I learned early on that as a tubist we could never be any better than the repertoire we had available for the instrument. Generating new music for tuba and euphonium via compositions/transcriptions/arrangements has been a priority in my professional life. It would be difficult for me to give you an exact number, but through my personal career, studio and with various student and professional ensembles I have been involved with (we’re talking easily), over a thousand pieces generated. I have a huge number of large file cabinets filled with such works.
My basic approach with established composers has been to approach them as an equal partner in generating this or that new piece of music. It might involve a promise of a Carnegie Hall premiere (we’ve done 8 Carnegie appearances with my Tennessee Tech Tuba Ensemble, and are always premiering major new compositions), a promise that the piece will appear on the next recording (the 27th, yes, that’s twenty-seventh, recording project by the TTTE, EVOLUTIONS, appears this month, January, 2015 via Mark Records and Naxos on Amazon and all other outlets), a promise of other recordings (with SYMPHONIA, EUPHONIUMS UNLIMITED or our more recent jazz group, the MODERN JAZZ TUBA PROJECT, etc.), or a promise to be premiered at some important performance of regional, national or international significance, or, finally, as a promise of a commission!!!
NOTHING pleases me more (I guess other than any of my students being successful in “the” business), than premiering a new piece of music for tuba and euphonium. That has been one of my major driving forces for all these years. I still get a kick out of a new piece. I won’t go into the specifics but Mr. Bell and I wrote a book in 1964/65 documenting ALL the tuba repertoire we could identify at that time. It was published by Charles Colin in New York. Years later with the help of a lot of wonderful colleagues we have released a couple editions of the Tuba Source Book through Indian University Press. This documented the incredible growth of tuba/euphonium literature thanks the the efforts of many many like-minded colleagues who dedicated themselves to generating new music.
6. How has the specific (numbers of each instruments), of the tuba ensemble over the years?
This has been a very evolving picture. Without a doubt, the standard instrumentation is the “Tuba Quartet”, which usually involves two euphonium and two tubas.

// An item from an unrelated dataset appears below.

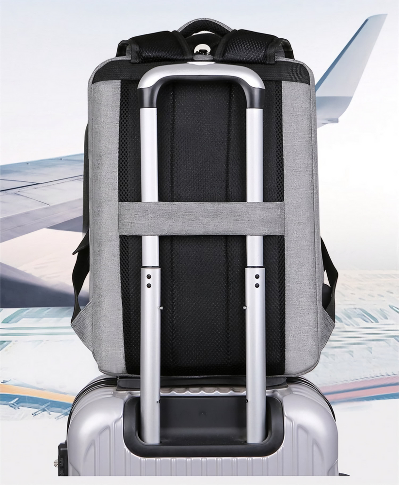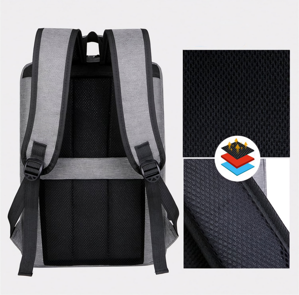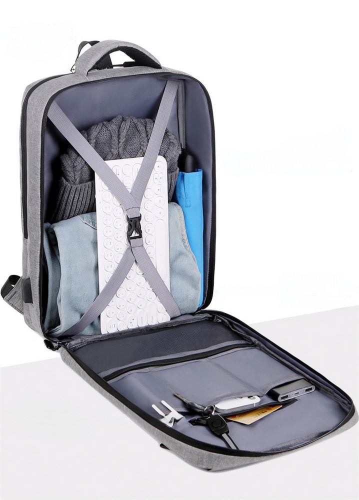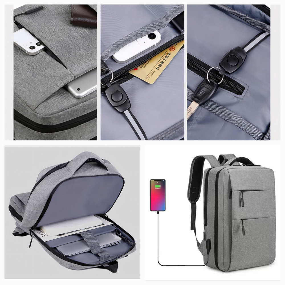 (Cuenta con 2 compartimentos principales: El primero posee 2 bolsillos internos (mallado y estándar), 3 divisiones para objetos, un cable USB, tiras para ajustar y un llavero. El segundo compartimento posee un bolsillo amplio con sujetador. Por último, en la parte frontal de la mochila, cuenta con 2 bolsillos con gran capacidad y un bolsillo lateral. Sus tiras son acolchadas y ajustables. Ideal para usar como equipaje de mano para un viaje).

From group to group, this can vary and the use of F and CC tubas is flexible depending on the requirements of the composition.

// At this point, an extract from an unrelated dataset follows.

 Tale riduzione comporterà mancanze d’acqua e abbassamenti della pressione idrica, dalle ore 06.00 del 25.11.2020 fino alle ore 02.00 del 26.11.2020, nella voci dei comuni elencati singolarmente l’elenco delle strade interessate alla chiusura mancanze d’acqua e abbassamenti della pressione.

The LARGE group can and does from one year to the next and one situation to the next involve various numbers of 4 to 10 euphoniums and anywhere from 8 to 16 tubas-(with or without a mix of F and CC tubas, once again).
We do it all at my school: from quartets, to sextets, to octets to the large ensemble. The large group is best known since it has existed, more or less in it’s still current instrumentation, for 48 years now. We’ve done a LOT of pieces featuring solo players on many different instruments.
Are there any complimentary ensemble timbres that composers added that worked particularly well? Solo timbres?
We’re looking at a couple new arrangements we will perform this spring featuring solo oboe and solo trumpet. AND yes, they work!!! Of course, we perform pieces that feature a solo euphonium or tuba all the time. My basic approach to programming over the years is that I want as much variety of timbres and literature as possible. Since it’s difficult to change the timbre too much, I look for pieces on a program with a lot of stylistic differences: from jazz to Baroque to pop to contemporary to avant garde. You name it, we need the experience performing it.
7. What is the best chamber music you have ever heard?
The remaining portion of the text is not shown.